The demon snaps her fingers and the bookshop door allows her entry. Her ears ring with the velvety stillness of old-bookshop after city streets and hell-hallways that push against you from all sides. “See, angel? Nothing to worry about,” she proclaims by way of greeting, slithering up to her angel and waving the door closed, before perching on the edge of the desk and leaning down to graze a kiss at the corner of her mouth.

Their fingers inch together and interlock against the polished wood as Crowley slouches back against a stack of books, using her hands to hold her upright.
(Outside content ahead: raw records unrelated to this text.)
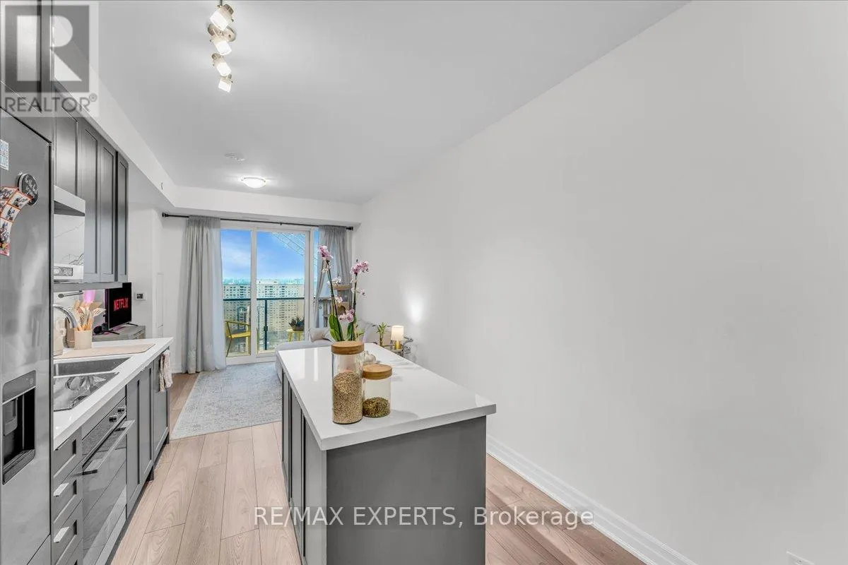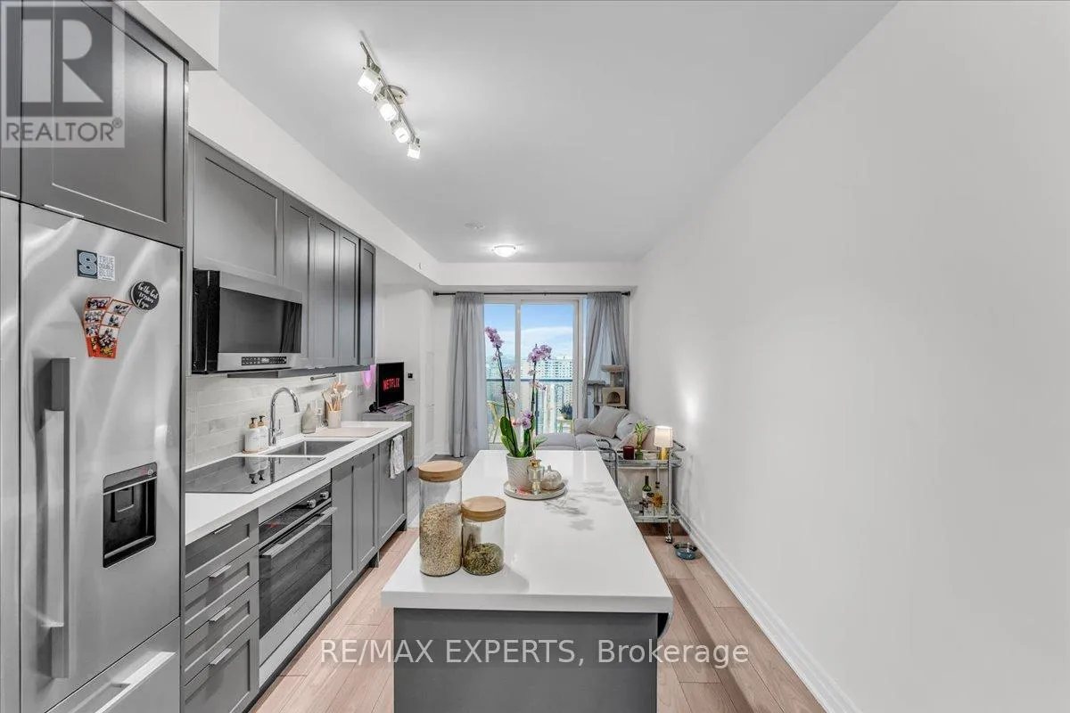 +"PublicRemarks": "Daniel's Luxury "One Park Tower" in the Heart of Mississauga City Centre. A grand arched entrance with a welcoming courtyard sets the tone for sophistication and exclusivity. This elegant 1-bedroom plus den, 2-bathroom unit offers 9-foot ceilings, a spacious primary bedroom with a 4-piece ensuite, and a private wraparound balcony showcasing breathtaking city views. The stylish kitchen features stainless steel appliances, ample cabinetry, and an in-suite washer and dryer. Includes one parking space and one locker. Enjoy exceptional, resort-style amenities including an indoor pool and sauna, guest suites, a fully equipped fitness centre, virtual golf, party and games rooms, and a beautifully landscaped terrace with BBQs. Ideally situated steps from Square One, Sheridan College, restaurants, shops, Mississauga Transit, and the GO Bus. Two grocery stores-Food Basics and 24-hour Rabba-are just around the corner. (id:62650)"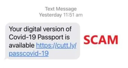 We have been made aware of a new text message scam doing the rounds relating to COVID-19 vaccine passports. These text messages can look convincing however are designed to steal customers personal information and may include: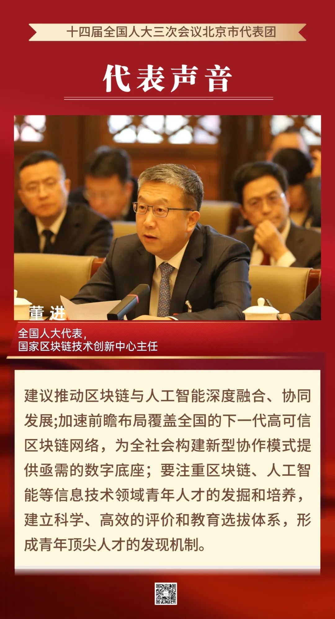 来源标题:【聚焦全国两会】代表声音丨董进:推动区块链与人工智能协同发展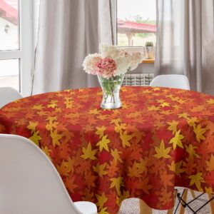 Orange Round Tablecloth, Colorful Autumn Fall Season Maple Leaves in Unusual Designs Nature Print, Circle Table Cloth Cover for Dining Room Kitchen Decor, 60′, Burnt Orange, by Ambesonne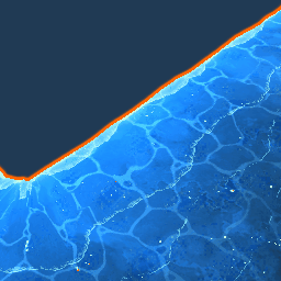 텍스처 흐름/왜곡을 기반으로 프레넬 밝음 + 파도 결 + 미세 반짝임 + 해안선 발광을 순차 합성하는 Stylized 수면.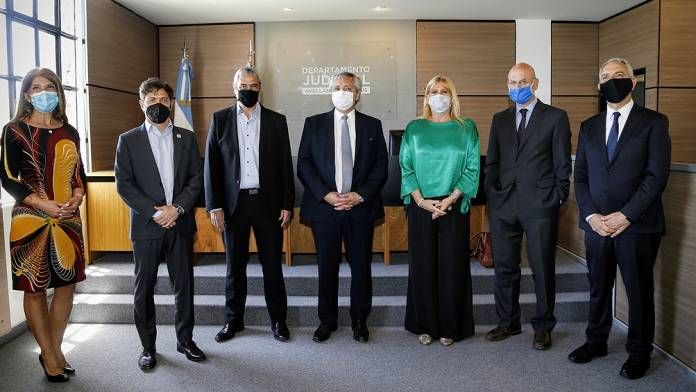 “Yo una y otra vez recurro al Estado de Derecho porque soy un abogado. Me formé en la Universidad de Buenos Aires, amo la lógica del Estado de Derecho, no quiero creer que no es posible vivir en un estado de derecho, no quiero creer que los pícaros nos ganen, no quiero creer que los sinvergüenzas se salen con la suya”, sostuvo el mandatario desde Avellaneda, acompañado por el gobernador bonaerense Axel Kicillof.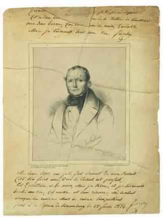 , portrait lithographié (par Van Giel, lith. de kaeppelin) de Fieschi, dédicacé en haut et en bas à Nina Lassave : “cet eccritture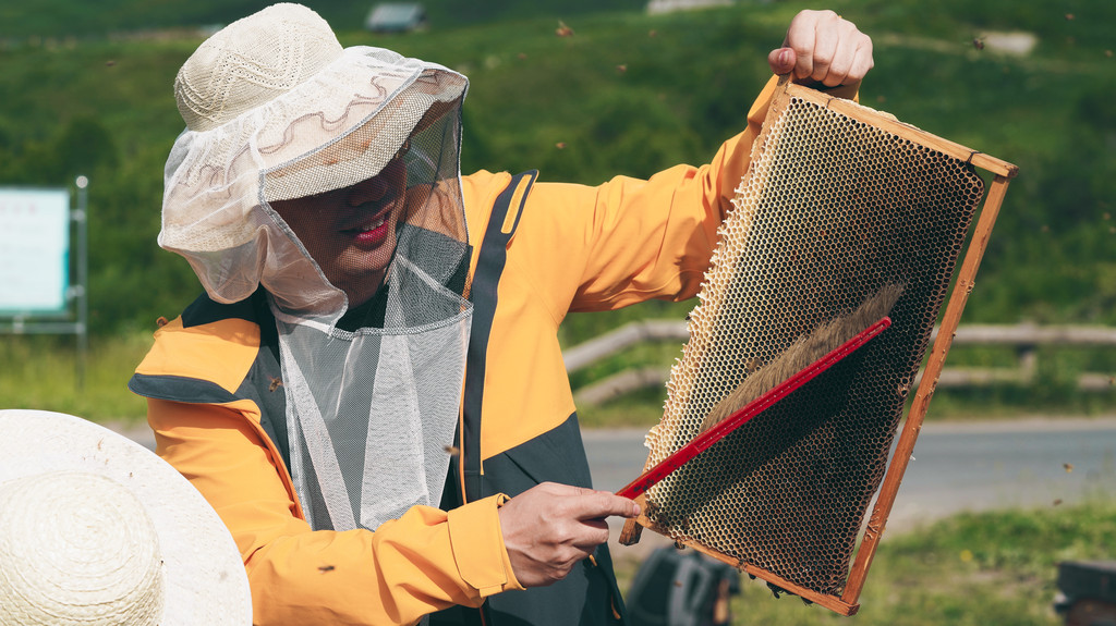还有给他们喂食的,禾木独有的高加索黑蜂!

“Oh, angel. You’ve undone yourself.” She admires the flower with forced optimism as though she hadn’t noticed it before, because the dozens of otherworldly clusters of many-hued blooms weighing on the houseplant’s stems resemble a botanical anxiety attack. Crowley decides, once and for all: the world _can’t_ end because she _is _going to find a time and place where she and Aziraphale can live and never part.

-

The demon’s flat sets an underworldly backdrop, a romanization of Hell: spotless grey walls are the faces of sheer underground cliffs, asphodel blooming in deep plastic pots. Candles have been swapped for dim electrical lights, the sort meant for snakes living in a glass zoo. The hook on the bedroom wall is a regular ornament by the twentieth century, ropes dangling shamelessly. And so is Crowley’s obedient place before it, docile, letting Aziraphale undress her with silken hands and centuries of practice.

“Hold _still_,” the angel chides, an edge in her tone, as she fumbles with a clasp at the side of her dress and Crowley wriggles at the tiny catch of metal. The demon is still dressed for her latest temptation: clothing in this decade seems to involve quite a lot of silk and sequins, not to mention the sort of diamond-laden necklace that would have cost more than the bookshop if it weren’t miracled. 

Aziraphale is poetic where Hell gets-this-over-with; Aziraphale knows what raises the right _anticipationfearterror_ and what sends her psyche reeling. Aziraphale removes her clothing so tenderly that she is glad that snake-eyes don’t cry, where Hell would do it with a snap. The angel lifts her unresisting arms, one at a time, to slide them free of the straps of her dress, exposing her pale, braless figure underneath. Silk pools at her feet before it is miracled away.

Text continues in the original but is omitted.